* Problem details:
Print the lines from the one containing "廚房增設(shè)了廚房?j" through the end of the material below, both included, exactly as they appear and without pictures.

* Supplied material:
= Beginning of Section =
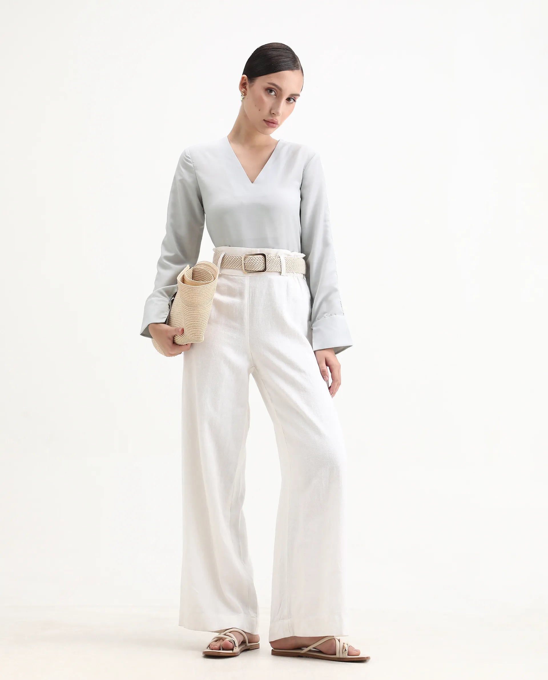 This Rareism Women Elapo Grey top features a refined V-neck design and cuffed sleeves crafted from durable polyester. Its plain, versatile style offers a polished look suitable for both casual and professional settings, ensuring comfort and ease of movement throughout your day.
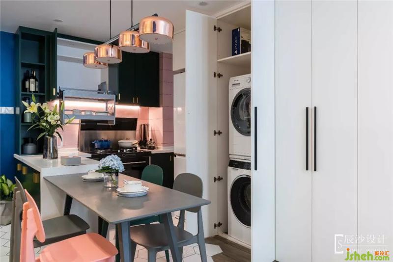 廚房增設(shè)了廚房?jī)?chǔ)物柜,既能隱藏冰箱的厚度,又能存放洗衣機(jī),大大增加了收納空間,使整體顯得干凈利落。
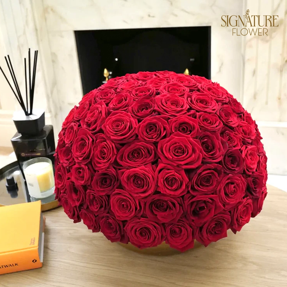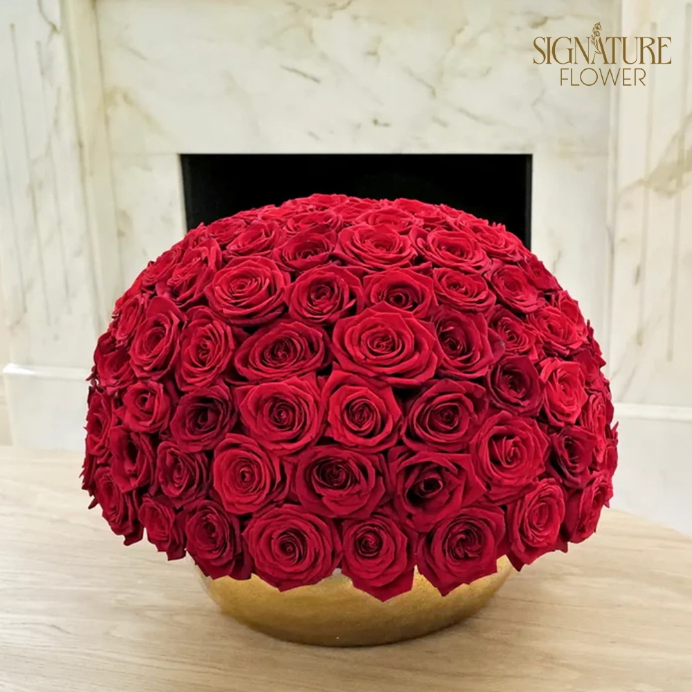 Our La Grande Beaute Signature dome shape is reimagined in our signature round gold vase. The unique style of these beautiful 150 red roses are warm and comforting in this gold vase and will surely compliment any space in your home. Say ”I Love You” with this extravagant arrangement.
= End of Section =
* Exercise answer:
 廚房增設(shè)了廚房?jī)?chǔ)物柜,既能隱藏冰箱的厚度,又能存放洗衣機(jī),大大增加了收納空間,使整體顯得干凈利落。
 Our La Grande Beaute Signature dome shape is reimagined in our signature round gold vase. The unique style of these beautiful 150 red roses are warm and comforting in this gold vase and will surely compliment any space in your home. Say ”I Love You” with this extravagant arrangement.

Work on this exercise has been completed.